Saudi Arabia has repealed its 2013 ban on several OTT and social media services, on the condition that they comply with its regulatory requirements.
Services such as Skype, Snapchat and WhatsApp have been banned in the Kingdom since 2013, but with oil prices plummeting, the country needs to find other revenue streams.
Internet services are expected to be a core pillar of this strategy, with the country’s Communications and Information Technology Commission saying “digital transformation is one of the key kick-starters for the Saudi economy, as it will incentivise the growth of internet-based businesses, especially in the media and entertainment industries.”
The Commission added: “Access to VoIP (voice over internet protocol) will reduce operational costs and spur digital entrepreneurship – that’s why it is such an important step in the Kingdom’s internet regulation.”

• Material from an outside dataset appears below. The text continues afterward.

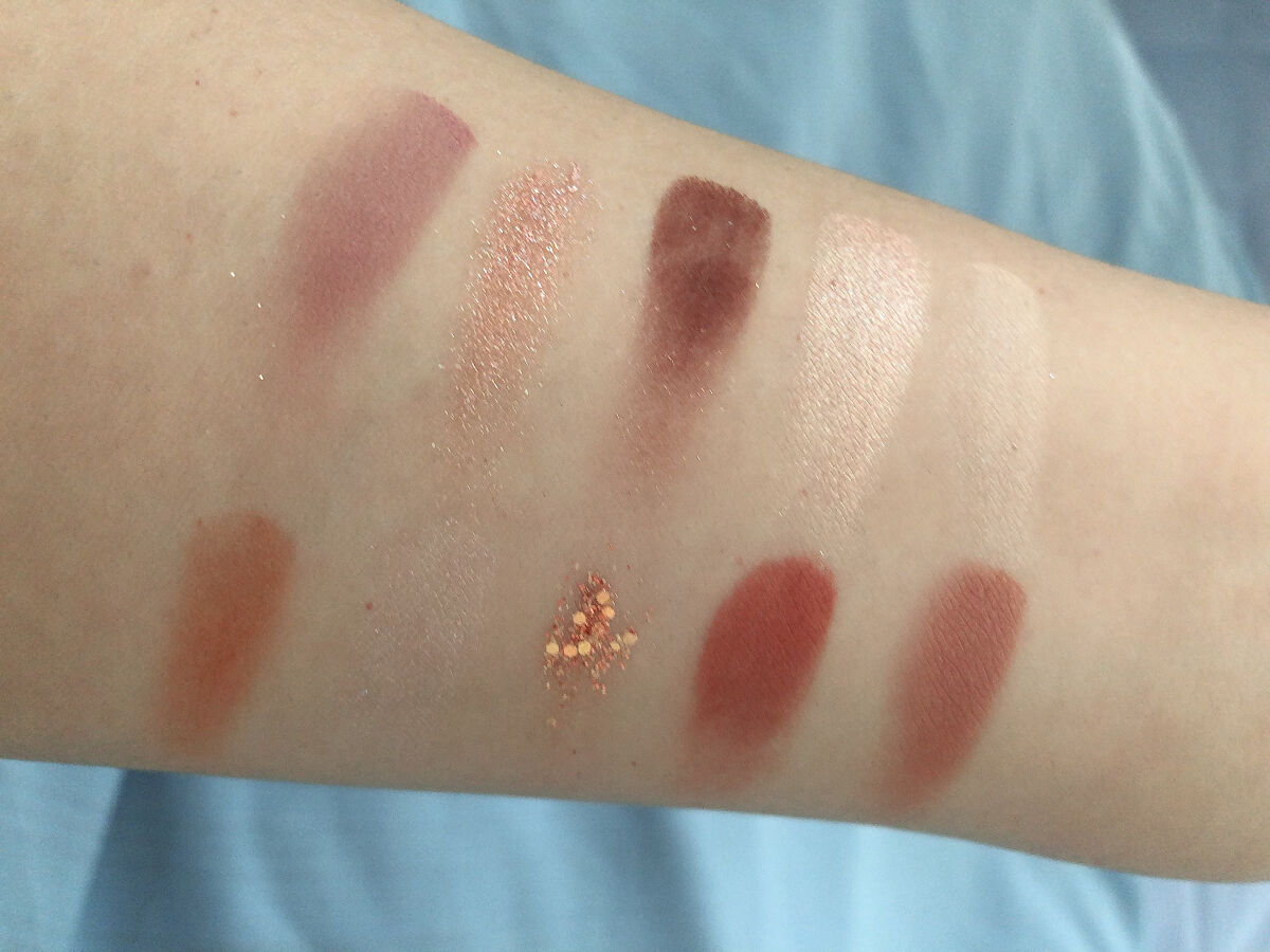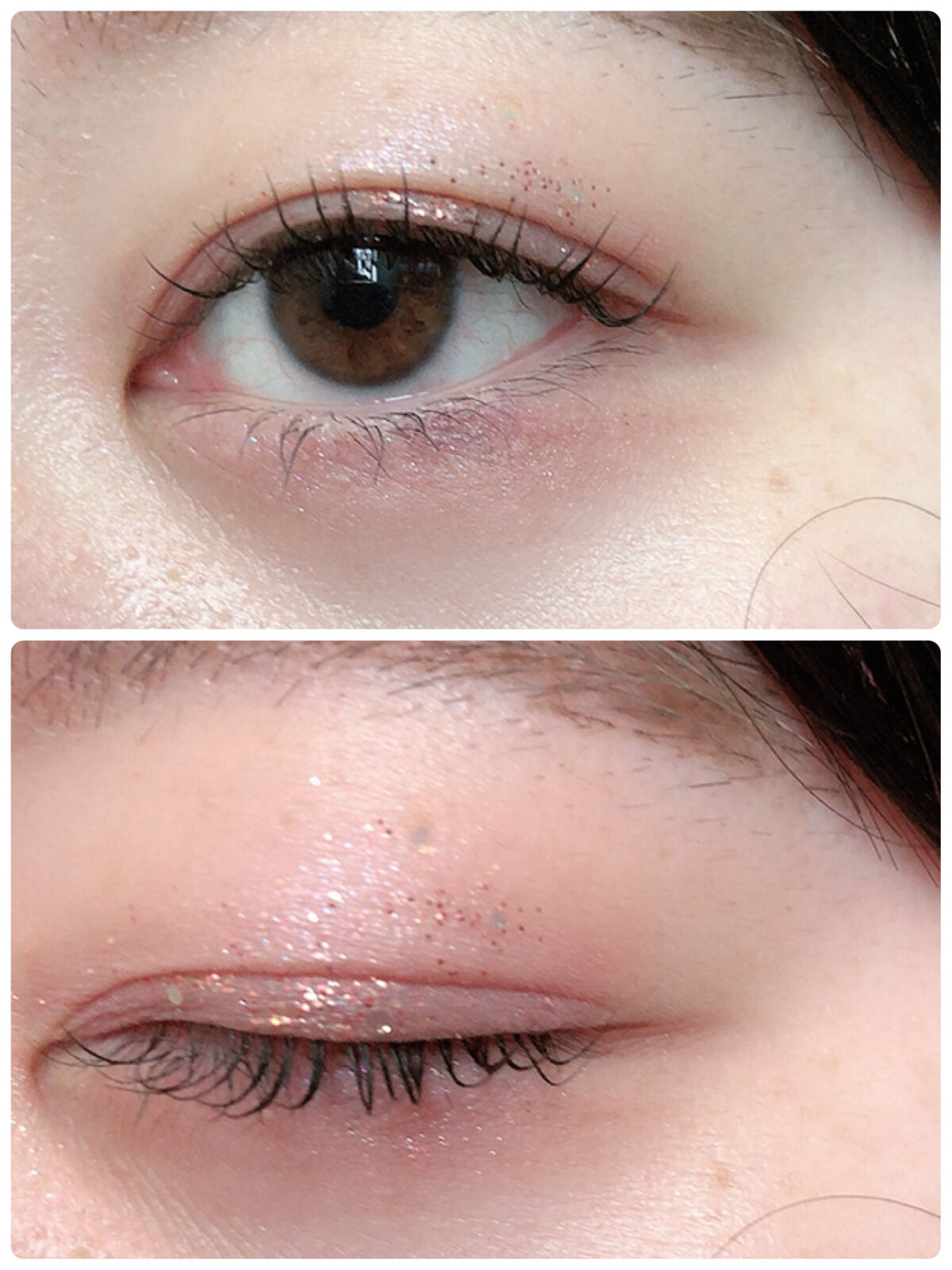 いちごみるくっぽいのと、くすみラベンダーの2パターンでアイメイクできるのは嬉しい! マットもラメも発色がいい マットは粉っぽくならない ラメはしっとり マット6色(うちラメ入り1色) ラメ4色(うち大粒1色) ベースから締め色まで揃って🥇 ラメはかなりしっとり&柔らかいです!固いと思って、結構力いれたらたくさん取れました笑 大粒ラメは、指でもブラシでも取りやすい🌟

Any internet content related to gambling, pornography or religious extremism will continue to be heavily restricted by the authorities.
Revoking the ban will likely impact the revenues of the country’s mobile operators Mobily, STC and Zain, as they benefit hugely from the country’s millions of expatriates making international calls and texts. The operators could stand to lose as much as 6% to 7% in revenue, according to Saudi analyst firm NCB Capital.
However, NCB senior analyst Iyad Ghulam noted that increased demand for data could offset some of this loss. “This move is basically telling these companies: You have to move on. Stop protecting your voice segment and move on,” he said.